Una cultura di espianto della coda 3D per studiare la segmentazione dei vertebrati nel pesce zebra
Özet
Qui presentiamo il protocollo per la coltura tissutale 3D dell’asse del corpo posteriore zebrafish, consentendo lo studio vivo della segmentazione dei vertebrati. Questo modello di espianto fornisce il controllo sull’allungamento dell’asse, l’alterazione delle sorgenti di morfogeno e l’imaging vivo a livello di tessuto a risoluzione subcellulare.
Abstract
Gli embrioni di vertebrati modellano il loro asse corporeo principale come somiti ripetitivi, precursori di vertebre, muscoli e pelle. I somiti si segmentano progressivamente dal mesoderma presomitico (PSM) mentre l’estremità posteriore dell’embrione si allunga posteriormente. I somiti si formano con periodicità regolare e dimensioni di scala. Zebrafish è un organismo modello popolare in quanto è geneticamente trattabile e ha embrioni trasparenti che consentono l’imaging dal vivo. Tuttavia, durante la somitogenesi, gli embrioni di pesce sono avvolti attorno a un grande tuorlo rotondo. Questa geometria limita l’imaging vivo del tessuto PSM negli embrioni di zebrafish, in particolare a risoluzioni più elevate che richiedono una distanza di lavoro oggettiva ravvicinata. Qui presentiamo un metodo di coltura tissutale 3D appiattito per l’imaging vivo delle espianto della coda di zebrafish. Gli espianto della coda imitano embrioni intatti mostrando un rallentamento proporzionale dell’allungamento dell’asse e accorciamento delle lunghezze del somite rostrocaudale.
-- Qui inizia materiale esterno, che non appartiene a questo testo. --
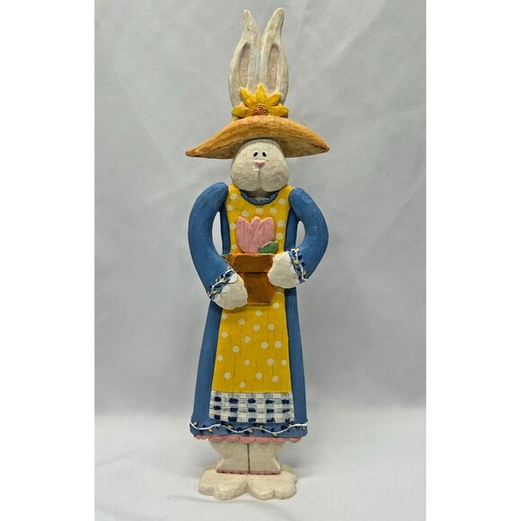 VTG Russ Berrie 10.5" Spring Easter Bunny Resin Rabbit Figure~Country~Farm~Folk

Siamo inoltre in grado di bloccare la velocità di allungamento dell’asse attraverso la coltura di espianto. Questo, per la prima volta, ci permette di districare l’ingresso chimico dei gradienti di segnalazione dall’ingresso meccanicistico dell’allungamento assiale. Negli studi futuri, questo metodo può essere combinato con una configurazione microfluidico per consentire perturbazioni farmaceutiche controllate nel tempo o screening della segmentazione dei vertebrati senza problemi di penetrazione del farmaco.
Introduction
La segmentazione metamerica degli organismi è ampiamente utilizzata in natura. Le strutture ripetute sono essenziali per la funzionalità di organi laterale come vertebre, muscoli, nervi, vasi, arti o foglie in un piano corporeo1. Come risultato di tali vincoli fisiologici e geometrici della simmetria assiale, la maggior parte della phyla della Bilateria- come anellidi, artropodi e cordati-mostrano segmentazione dei loro tessuti embrionali (ad esempio, ectoderma, mesoderma) antero-posteriormente.
Gli embrioni di vertebrati segmentano sequenzialmente il loro mesoderma parassiale lungo l’asse corporeo principale in somiti con intervalli specifici per specie, conteggi e distribuzioni delle dimensioni. Nonostante tale robustezza tra i singoli embrioni all’interno di una specie, la segmentazione del somite è versatile tra le specie di vertebrati. La segmentazione avviene in un vasto regime di intervalli di tempo (da 25 minuti in zebrafish a 5 h nell’uomo), dimensioni (da ~ 20 μm in somiti di coda di zebrafish a ~ 200 μm in somiti tronco di topi) e conti (da 32 in zebrafish a ~ 300 nei serpenti di mais)2. Ancora più interessante, gli embrioni di pesce possono svilupparsi in una vasta gamma di temperature (da ~ 20,5 ° C fino a 34 ° C per il pesce zebra) mantenendo intatti i loro somiti con una corretta distribuzione delle dimensioni compensando sia gli intervalli di segmentazione che le velocità di allungamento assiale. Al di là di tali caratteristiche interessanti, zebrafish rimane un organismo modello utile per studiare la segmentazione nei vertebrati a causa dello sviluppo esterno, sincrono e trasparente di una plenitudine di embrioni fratelli e dei loro strumenti genetici accessibili. Negativamente dal punto di vista della microscopia, gli embrioni di teleost si sviluppano su un ingombrante tuorlo sferico, allungando e arrotondando il tessuto gastrulante intorno ad esso (Figura 1A). In questo articolo, presentiamo una coltura appiattita di espianto di tessuti 3D per le code di zebrafish. Questo sistema di espianto aggira i vincoli sferici della massa del tuorlo, consentendo l’accesso all’imaging vivo ad alta risoluzione di embrioni di pesce per il modello somite.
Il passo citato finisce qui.